The RestAPI only supports json data. That means that it sends and receives the mimetype application/json.

Return codes

Success responses
  • 200 - Success
    • Specifies that the request was a success, and that a there is data in the response body.
  • 204 - No Content
    • Specifies that the request was a success, but there is no data sent back in the response body.
    • This is to save bandwidth.
Error responses
  • 400 - Bad Request
  • 401 - Unauthorized
  • 403 - Forbidden
  • 404 - Not found
  • 500 - Internal server error

The error codes are described more detailed in the error handling section.

Error handling


Error codes

All endpoints can send one of the following errors:

  • 400 - Bad Request
    • If what the client sent could not be validated.
  • 401 - Unauthorized
    • If the client is not authorized to call this method, eg. not logged in.
  • 403 - Forbidden
    • If the client doesn't have the scope for this call.
  • 404 - Not found
    • If a resource is being looked up that doesn't exist, or an endpoint that doesn't exists is being called.
  • 429 - Too many requests
    • If you are hitting the burst and rate limits, you will receive this error code, see Burst and rate limits section.
  • 500 - Internal server error
    • If an unexpected error occured.

The following status codes [400, 500] will return a json response.

Error example

{
    "messages": [
        "Description of the error that occured.",
        "Also this occured"
    ]
}

Versioning


Multiple Version

The SENZ RestAPI supports multiple versions, which means that you as a developer, do not have to worry about the release of new features or breaking changes.
New features added in the same API version will always be backwards compatible and any breaking changes will be in a new major version of the api.


Version 1

First version contains GET list for Thermostat model GET single for Thermostat and Account models PUT for Mode models

Burst and Rate limits


Burst and rate limits have been implemented to avoid overuse by 3rd party applications. This has been implemented to stop a single client from being able to reduce the quality of service for the rest of the clients, whether it is by accident or on purpose.

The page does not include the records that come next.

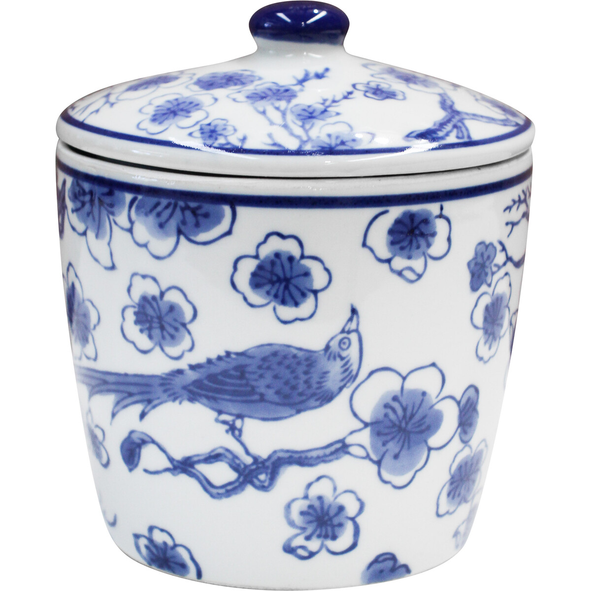 We have to admit, we really love when a storage canister actually looks beautiful on a bench. And this one - our 17x17x21cm Medium Blossom/Bird Cannister - really has that unique wow-factor in every single piece. It is exquisitely finished with a blue handpainted and glazed blossom and bird design on fine porcelain, so every little detail stands out. You can see the artistry up close - and yes, there are imperfections in the finish and glazing, which is part of its charm. We do not classify this as a fault at all.
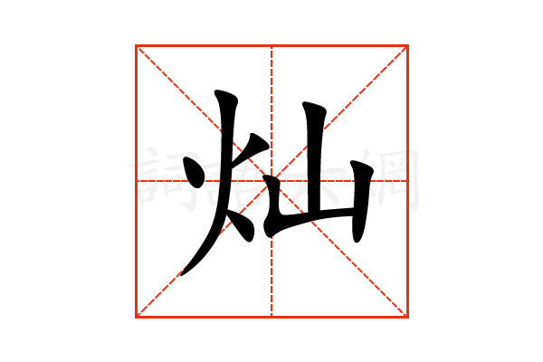 灿,通用规范汉字,一级汉字,序号0852,读音是(càn),火部,共7画,形声字,左右结构,五行属火。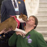 Rep. Ryan Bizzarro attends an Animal Protection Caucus gathering at the state Capitol to show his support for animal protection laws.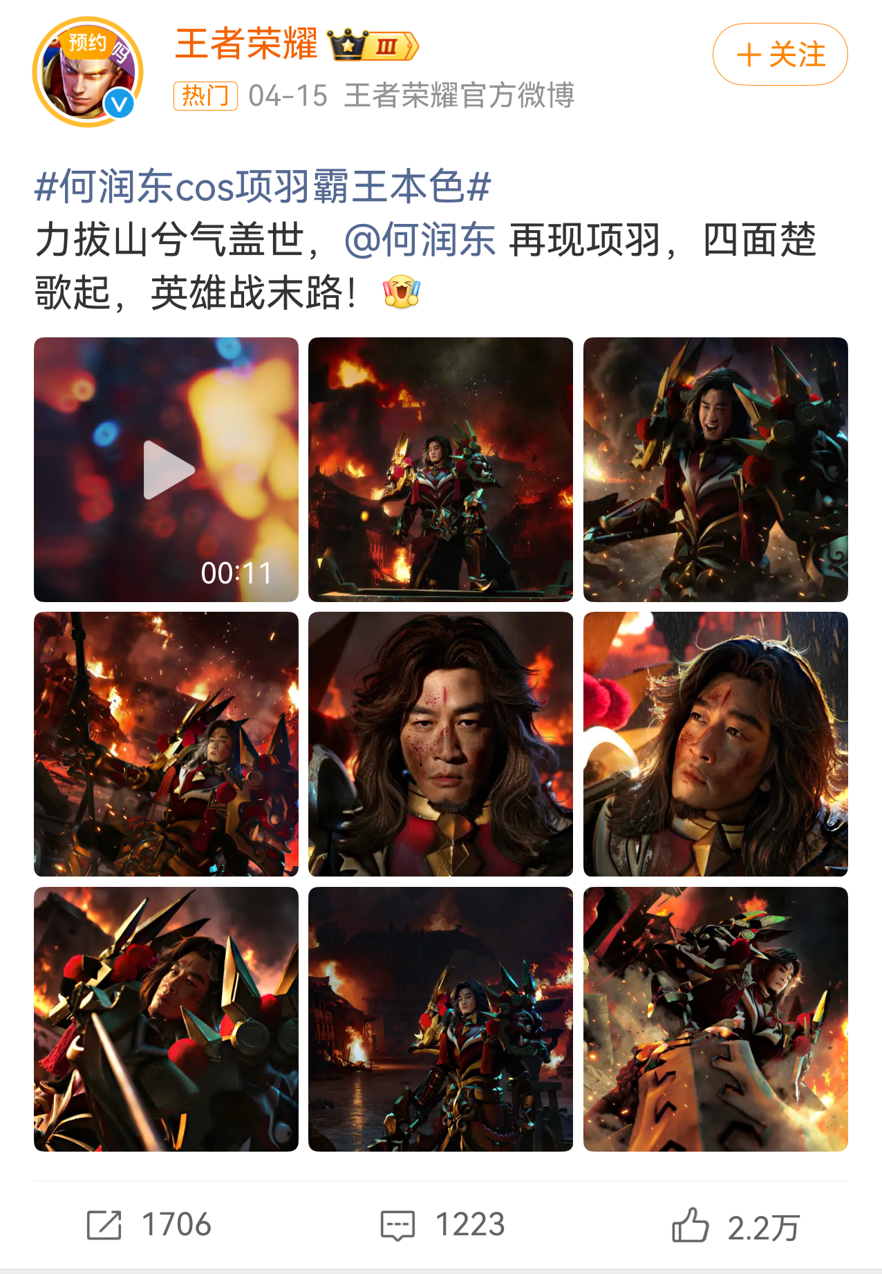 《王者荣耀》也是没有错过这波热度,直接邀请何润东cos项羽的原皮,宽肩厚背、眼神凛冽,自带“力拔山兮气盖世”的压迫感,妆造等细节更是拉满。

Burst and rate limits definition

  • Rate limits
    • The overall "reasonable" allowed rate of calls to the API over a longer period. Usually defined in days and months. Eg. 250.000 in a month.
  • Burst limits
    • The limit of allowed request in a short timeframe, usually defined in seconds or minutes.


Visual representation of burst and rate limits

Current limits

These limits are defined as a per user and per client basis. Which means a single user combined with a specific client id, has these specific limits. That means if a client ids user hits the limit, he is blocked out for the rest of that period, but it does not affect the other users of that client id.

Per second 50
Per 30 minutes 750
Per 12 hours 20,000
Per 7 days 250,000

Http Responses:

When the rate limits are hit, the RestAPI will return HttpCode 429 - Too many requests.
If you hit the limit the response will be:

    Status Code: 429
    Retry-After: 58
    Content: API calls quota exceeded! maximum admitted 2 per 1m.

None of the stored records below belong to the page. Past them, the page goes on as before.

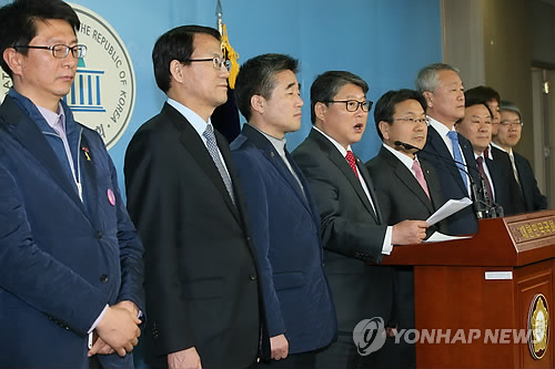 | △ 공무원연금 대타협기구 "연금개혁 필요한 상황 공감" (서울=연합뉴스) 진성철 기자 = 조원진, 강기정 공동위원장 등 위원들이 10일 국회 정론관에서 공무원연금 개혁을 위한 국민대타협기구의 중간합의문을 발표하고 있다. |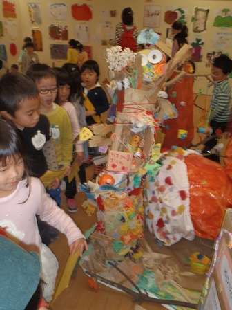自分たちがつくった動物や電車などを見たり、他の幼稚園の子どもたちがつくったりかいたりしている作品を見たりしました。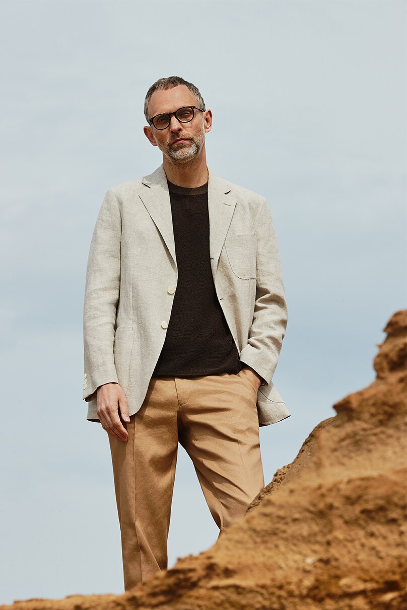 独自開発の特殊な染色法を用いた、絶妙なカラーリングが魅力の上質リネンジャケット。同系色&同素材のドレスパンツ×ニットTシャツと合わせて、シャープかつモダンな仕上がりに。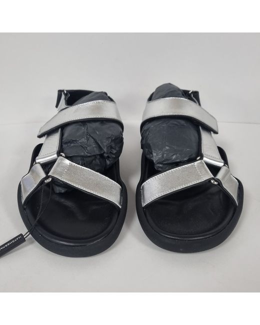 Women's Silver Flat Strap Sandal 37 EU Damaged Box

If the request doesn't get rate limited then the longest period defined in the rules is used to compose the X-Rate-Limit headers, these headers are injected in the response:

    X-Rate-Limit-Limit: the rate limit period (eg. 1m, 12h, 1d)
    X-Rate-Limit-Remaining: number of request remaining
    X-Rate-Limit-Reset: UTC date time (ISO 8601) when the limits resets

A client can parse the X-Rate-Limit-Reset like this:

    DateTime resetDate = DateTime.ParseExact(resetHeader, "o", DateTimeFormatInfo.InvariantInfo);

Validation


A thermostat has three operating modes; Auto, Manual and Hold. In Auto mode, the thermostat uses its schedule to adjust the temperature during the day. When the thermostat is set to Operating Mode Manual, the thermostats schedule is ignored. Hold mode sets thermostat to specific temperature for period of time, specified in HoldUntil field. The Thermostat Updates from the API when in Manual mode function as usual.
In this section we will cover how to use the different modes, and what input you should provide to get the expected result.

Thermostat Modes

ModeAuto

When using ModeAuto the thermostat will use the schedule to define the temperature it should be set to.

Example:
        {
        "serialNumber": "00000000",
        }
    

ModeHold

When using ModeHold, you temporarily set the temperature so it doesn't follow the current schedule.
In this mode you have to set the Temperature or it will try to use the last used value it had in this mode. If the HoldUntil is not supplied, it will temperature for next 2 hours. Once the HoldSetPointDateTime expires it will return to ModeAuto.
This functionality can be overwritten by supplying the HoldUntil with a specific date and time, as long as it is within the following 23 hours.
Example:
        {
        "serialNumber": "00000000",
        "temperature": 10,
        "holdUntil": "2019-07-02T09:12:48.119Z",
        "temperatureType": 0
        }
    

ModeManual

In this mode the temperature is held indefinitely, the thermostat will not revert back to ModeAuto on its own.
you can specify the Temperature to set the thermostats target temperature.
Example:
        {
        "serialNumber": "00000000",
        "temperature": 15,
        "temperatureType": 0
        }
    

DateTime format

The required date and time format is ISO-8601 and its based on UTC. All timestamps must be in 24-hour format.

Formats

Date and time
yyyy-MM-ddTHH:mm:ssZ
Date
yyyy-MM-dd
Time
HH:mm

Example:
Date and time:
2018-09-14T07:58:51Z
2018-09-14T09:58:51+02:00

Date:
2017-12-18
2018-09-14

Time:
11:05
23:30


Change Notifications


Change notifications functionality was implemented utilizing SignalR technologgery and should be used for minimising an amount of requests to RestAPI. Currently we support following notification types:

typeid type id
1 UserAccount UserAccount id
2 Thermostat Thermostat Serialnumber

Client side for handling notifications is technology agnostic, and some basic examples for  creating SignalR clients can be found here.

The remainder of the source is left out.